The biggest strength that Bangladesh has over its competitors is its cheap and vast workforce. The minimum wage in Bangladesh is lower than that in China, Cambodia, India, and Vietnam
Also, there are around 37 private and public universities producing textile graduates in the country every year, further adding to the skilled manpower for the segment. Moreover, favourable government policies, bank facilities (for raw material purchase), and strengthening backward linkage supporting industries create a strong case for the sector.
Did you know that Bangladesh ranked 6th on the list of top apparel exporting countries back in 2006? And its share of the total apparel exports was just 2.8%?
Bangladesh has Least Developed Country (LDC) status that qualifies it for duty-free market access or reduced tariff facilities to many developed and developing nations, globally. Bangladesh enjoys duty-free access to around 52 countries, including countries in the EU, the USA, Australia, Switzerland, Japan, Turkey, Russia, Norway, New Zealand, China, South Korea, Thailand, Malaysia, and India, for the trade of many products. Bangladesh has also signed many trade deals offering Bangladesh exports a preferential treatment, like SAARC Preferential Trading Arrangement, Asia-Pacific Trade Agreement, Bay of Bengal Initiative for Multi-Sectoral Technical and Economic Co-operation, South Asian Free Trade Area, and the Trade Preferential System among the OIC member states.

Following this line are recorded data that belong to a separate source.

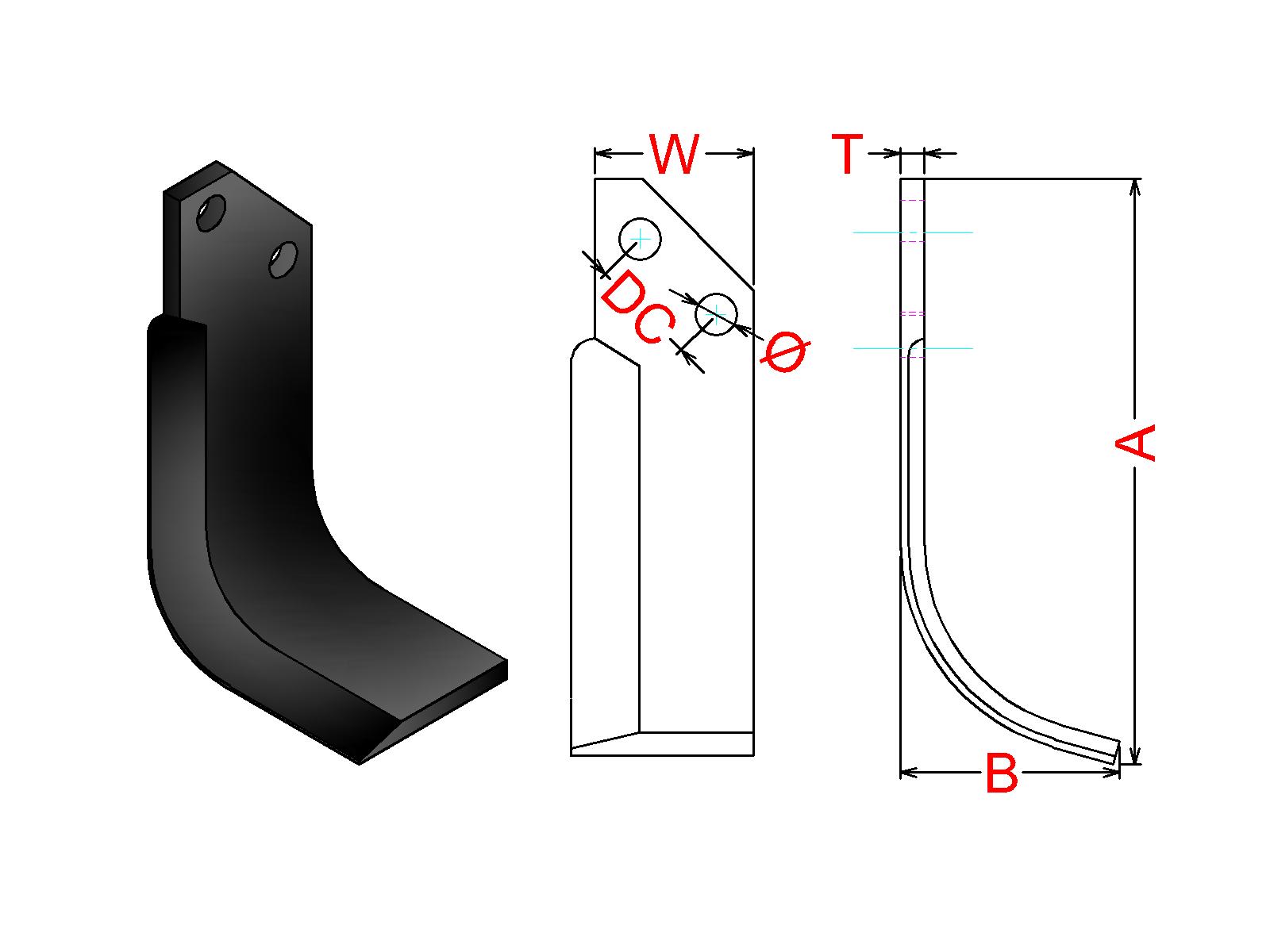 Cuchilla Ref: nº.343P/ Medidas: A:140 B:80 /Pletina:40X6/ Dist.centros: 27 / Taladro: 10.5 / Peso: 0,340 kg.
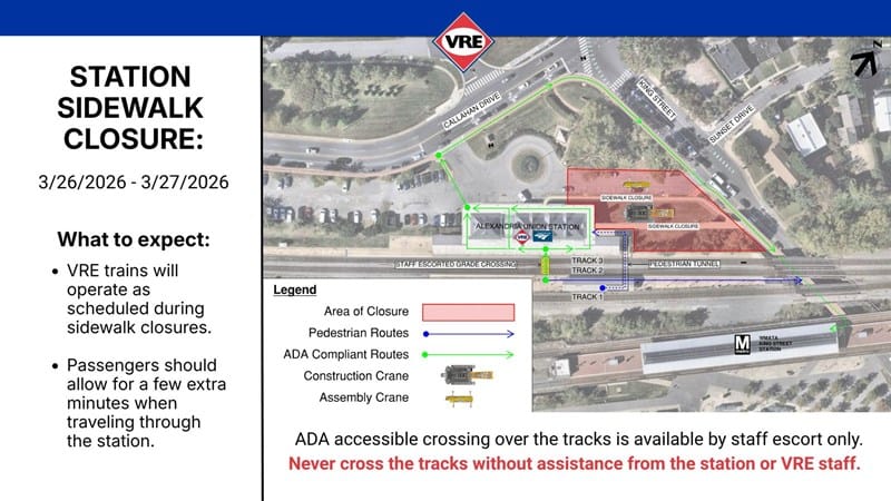 Through this evening, pedestrians at the station are being directed away from the normal ADA ramp and around to the front of the building, where Callahan Drive sidewalks provide access to King Street and Metro. VRE warned passengers to allow extra travel time. An ADA-accessible crossing over the tracks remains available but requires a staff escort. Normal pedestrian access resumes Saturday.
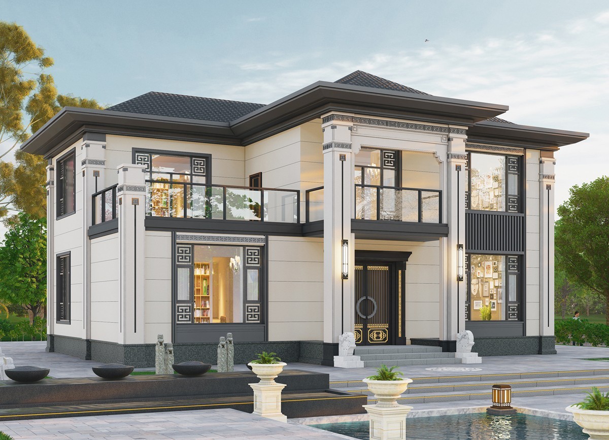 武清005 两层新中式(11.36x11.76米)-【易设计】

Bangladesh has attracted many major global retail brands, and with the technology and quality compliance parameters has also seeped in Bangladesh’s apparel manufacturing systems. Moreover, Bangladeshi manufacturers and exporters have built excellent vertical capacities, which only China could offer before, which help global brands to ensure more transparency and coordination in their supply chains. The country has henceforth adopted the most sophisticated apparel manufacturing and management technologies to cater to their international customers. This has resulted in a substantially high rate of quality achievement and technical compliance in Bangladesh’s RMG sector.
Source: Export Promotion Bureau, Compiled by BGMEA
Bangladesh has three financial years left to match its annual apparel exports target of USD 50 Bn. This requires the sector to grow at a war footing at a rate above 60%.
The year 2016–17 showed a sluggish growth for the country, owing to the slowing down of trade with the US. The 2017–18 shows more promise, but the current trends make it difficult for Bangladesh to achieve the set target, but it is not yet impossible.
To achieve a USD 50 Bn target, an annual CAGR of 16.9% is needed, which can be achieved, provided Bangladesh keeps on capitalizing on available opportunities and its strengths.
After multiple incidents like Rana Plaza, Bangladesh came on global radar for its labor practices and safety standards. Since then, Bangladesh has come to a long way building green factories and meeting safety standards and compliance strictly.
What still worries industry experts is the fact that garment workers are still being paid one of the world’s lowest minimum wages in the country. Fashion industry thrives in the west but standing on the backbone of the workers from the third world countries like Bangladesh, which struggle every day to survive above the poverty line. The government’s vision of achieving USD 50 Bn worth of apparel exports by 2021, nowhere mentions of concerns itself with the well-being of its workers.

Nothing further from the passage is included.